Saving Lives Through Big Data: Using Data Science to Help Drug Researchers
When we think of analytics real-time data, our first thought is High Tech with companies such as Twitter generating exorbitant amounts of data. Often overlooked is the Manufacturing industry, but with the rise of IoT, sensors and probes are ubiquitous, generating data points every second and increasing the necessity to effectively manage these enormous and rapidly generated data sets.

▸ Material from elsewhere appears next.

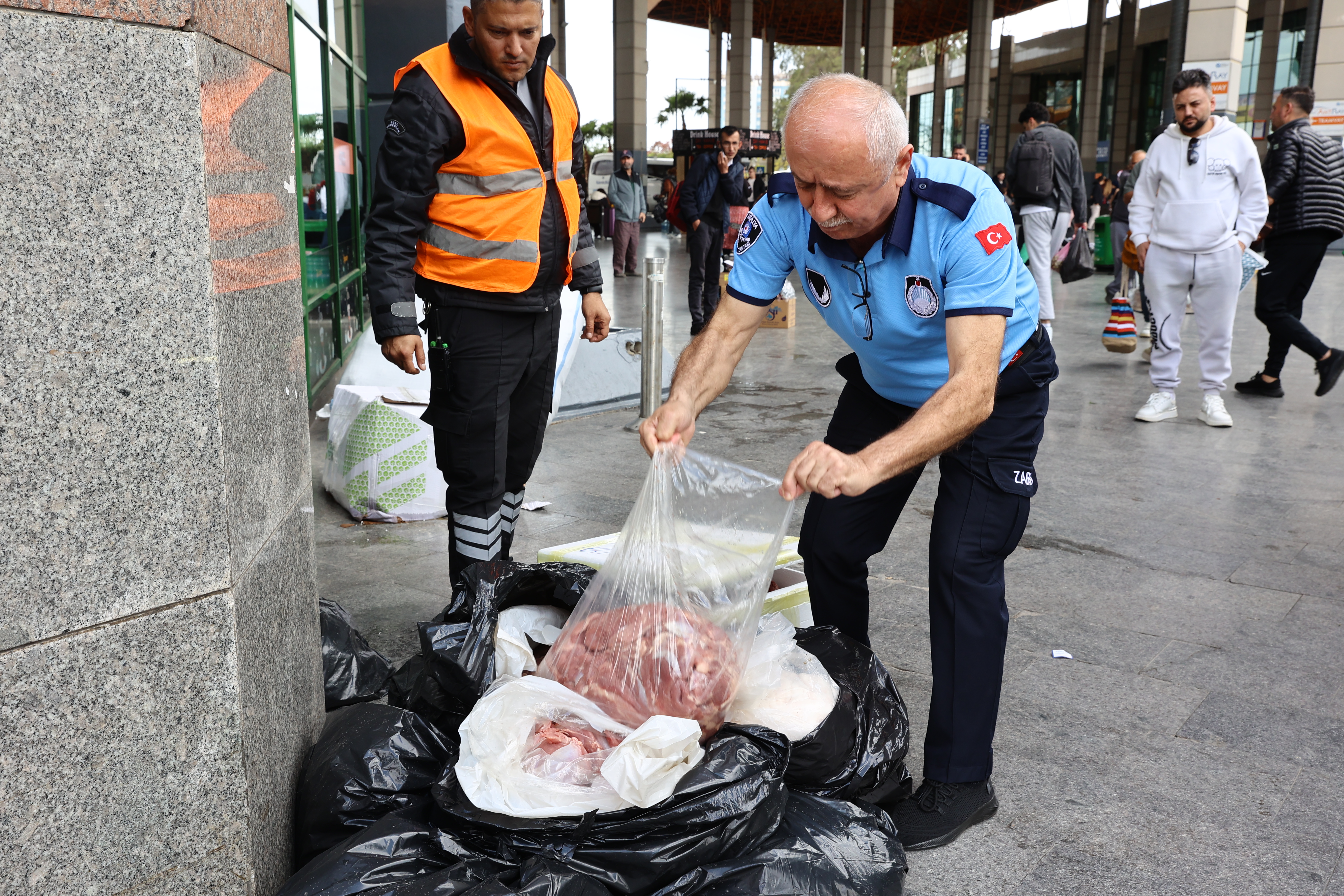Antalya Şehirlerarası Otobüs Terminali’nde Büyükşehir zabıta ekipleri ve güvenlik görevlileri denetimler sırasında bir otobüs firmasından çöp poşetleriyle şüpheli malzeme taşındığını fark etti. Poşetleri kontrol eden ekipler, sağlıksız koşullarda taşınan 9 adet çöp poşetinde yaklaşık 300 kilogram et buldu.
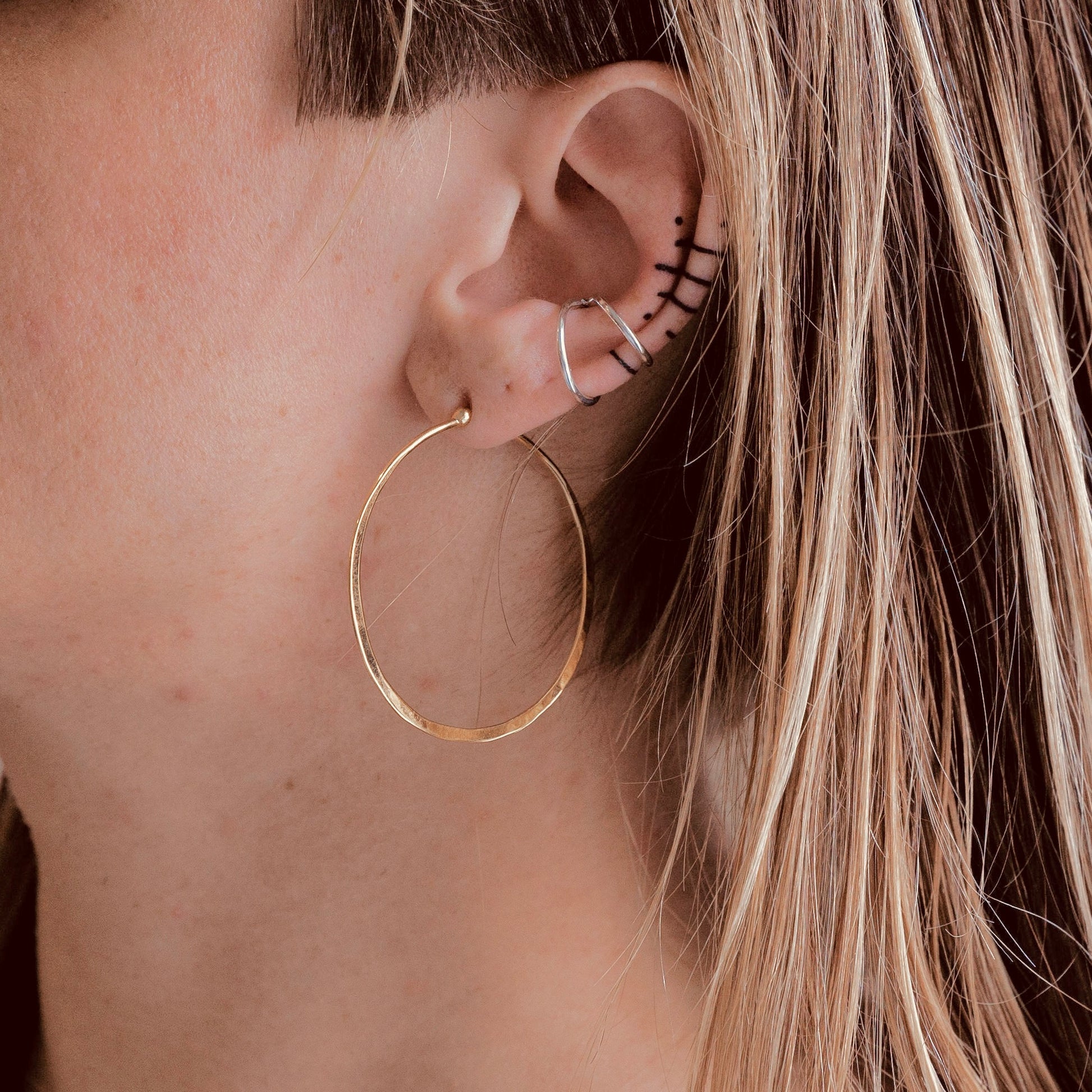 Our beautiful solid gold Nana Hoop is lighter & slimmer version than a typical hoop. They are the perfect basic hoop, in any size, that go with everything

Imagine, hundreds to thousands of machines having tens to hundreds of sensors, each taking a measurement per second. Now multiply that by dozens of production sites across the globe and you can begin to see how immense a data problem this pharmaceutical company faces with its data. And how data science and real-time analytics can help save millions of dollars in drug research.
As we worked to help our client overcome this challenge we faced several barriers that needed to be overcome:
• Storage with a high I/O capability to handle larger volumes of dynamic data
• Data ingestion capabilities that could handle an extremely high throughput
• An “ultimate” analytics solution that would be able to process large data volumes (most of the commonly used are in-memory)
We utilized a real-time lambda architecture, leveraging Kafka, Spark Streaming, and Axibase (time series database based on HBase), that reads and processes sensor data from ten different global sites on a real-time basis, stores the data in a time-series database, and allows users to perform complex analytics immediately. With multiple layers of parallelism we were able to achieve an ingestion throughput of 50,000 messages/sec with only a 6 node cluster, but more importantly we were able to empower research scientists to do what we all want them to be doing: Researching drug therapies to save lives and not troubleshooting time consuming drug production issues.